WHAT THE TASK REQUIRES
An exact copy of the listing below is the answer, with the pictures removed.

DATA SHOWN
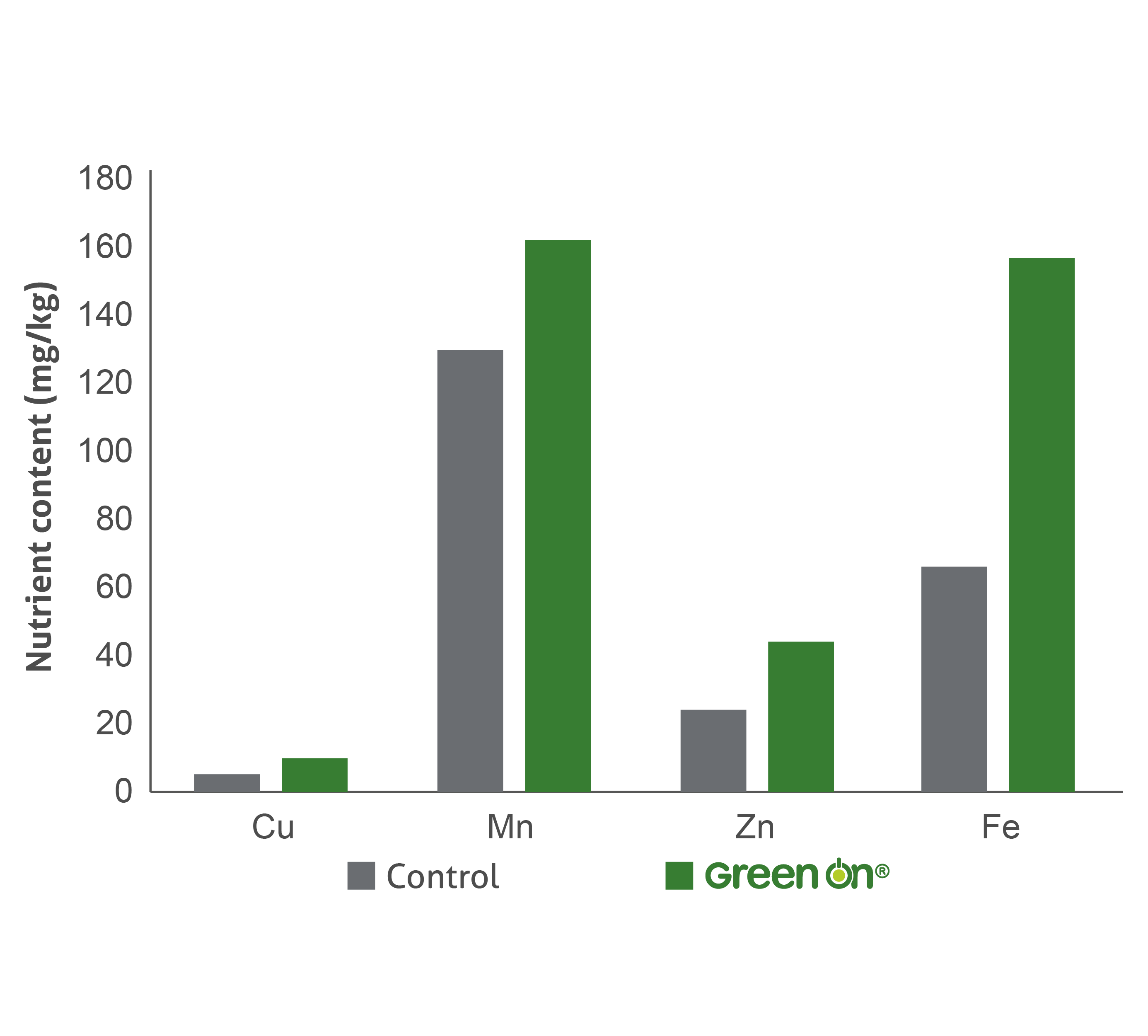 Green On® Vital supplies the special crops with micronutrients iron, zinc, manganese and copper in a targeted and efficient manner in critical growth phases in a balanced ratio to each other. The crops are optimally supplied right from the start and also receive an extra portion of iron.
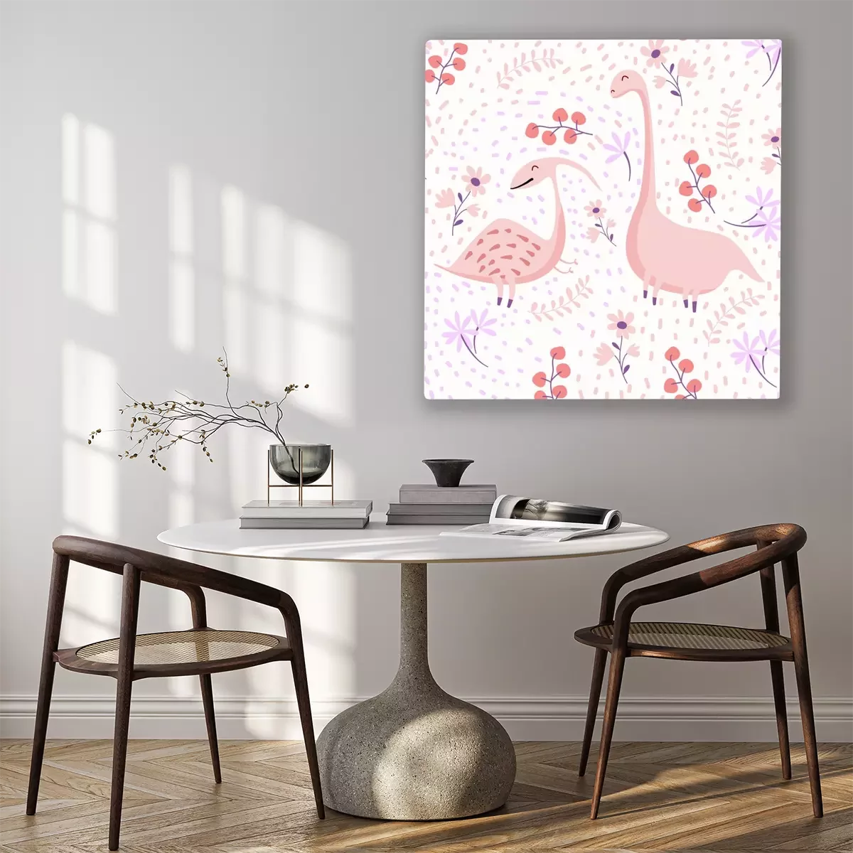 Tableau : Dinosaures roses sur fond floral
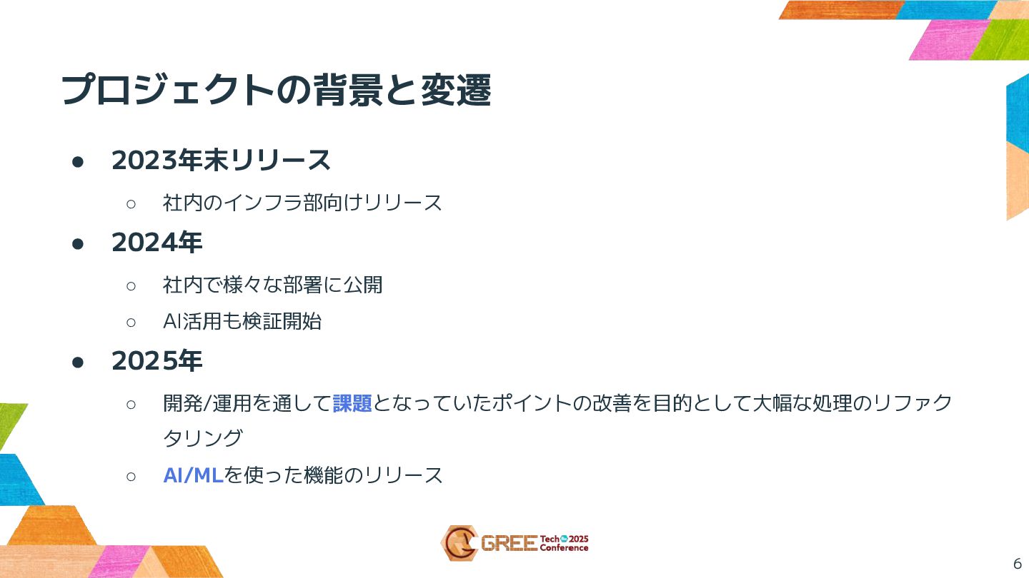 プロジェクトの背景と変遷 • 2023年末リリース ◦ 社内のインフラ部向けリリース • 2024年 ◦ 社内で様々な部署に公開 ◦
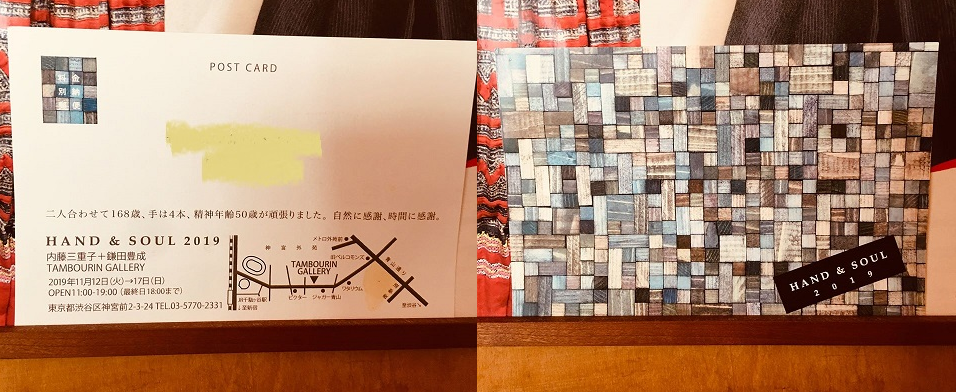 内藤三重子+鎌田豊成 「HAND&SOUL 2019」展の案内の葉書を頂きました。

ANSWER SECTION
 Green On® Vital supplies the special crops with micronutrients iron, zinc, manganese and copper in a targeted and efficient manner in critical growth phases in a balanced ratio to each other. The crops are optimally supplied right from the start and also receive an extra portion of iron.
 Tableau : Dinosaures roses sur fond floral
 プロジェクトの背景と変遷 • 2023年末リリース ◦ 社内のインフラ部向けリリース • 2024年 ◦ 社内で様々な部署に公開 ◦
 内藤三重子+鎌田豊成 「HAND&SOUL 2019」展の案内の葉書を頂きました。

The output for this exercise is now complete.